Someone help me understand all this. Unless I'm missing something big, I'm not sure I'm ready to call this an advancement toward Q-Day in any real-world sense.

0: https://github.com/GiancarloLelli/quantum

  • croemer 15 hours ago

    Commit history looks vibe coded doesn't it? Don't read too much into anything you see there. It's what Claude or Codex wrote after being asked to solve the challenge.

api 22 hours ago

They are missing the point though. The point is not even to be faster but to show that the QC is QCing. It can be slower than random search, and in fact might be expected to be. It’s kind of like early fusion plasma experiments that required vastly more energy than you got from fusion.

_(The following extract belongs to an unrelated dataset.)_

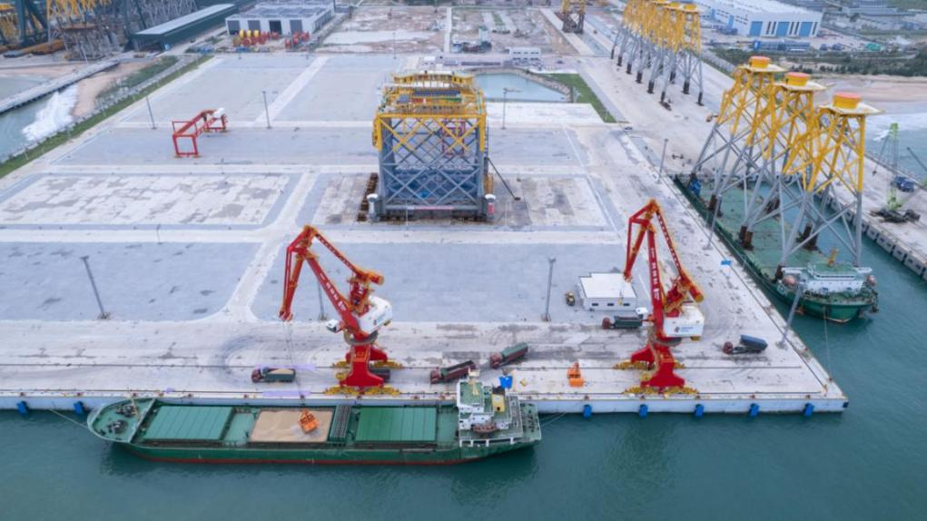 前詹通用码头采用多样化运输工艺,主要承担海上风电重件、海上施工运维、件杂货、粮食等散货类的装卸储运业务,建设1个7万吨级通用泊位、1个3千吨级通用泊位及1个工作船泊位。同时,配套建设防波堤、护岸、港区后方堆场及仓库等设施,年设计吞吐量324.6万吨。此次进境粮食首泊,是码头功能持续优化的实际体现,通过与3公里半径内的中储粮联动,建立起“海运—港口—储备”运输闭环,为区域粮食安全保障体系提供了新支点。

We are still doing science and engineering experiments, not making production anything.

  • delfinom 21 hours ago

    You miss the point of this rebuttal.

    QC relies on the observed output being statistically significant. This rebuttal is pointing out that Project Eleven only ran the algorithm once. At this point, there is no proof the IBM QC platform is generating anything statistically significant, especially more significant than the performance of feeding it /dev/urandom.

    Basically, there is no proof this was real quantum computing instead of random noise picked up by the hardware inside the QC.

    Now to show that the QC is doing anything against this rebuttal, they have it run it a significant number of times and show that it breaks the key a larger amount of times than feeding it a uniform distributed random noise source like /dev/urandom.

oncallthrow 1 day ago

Shame that this report is LLM-generated slop.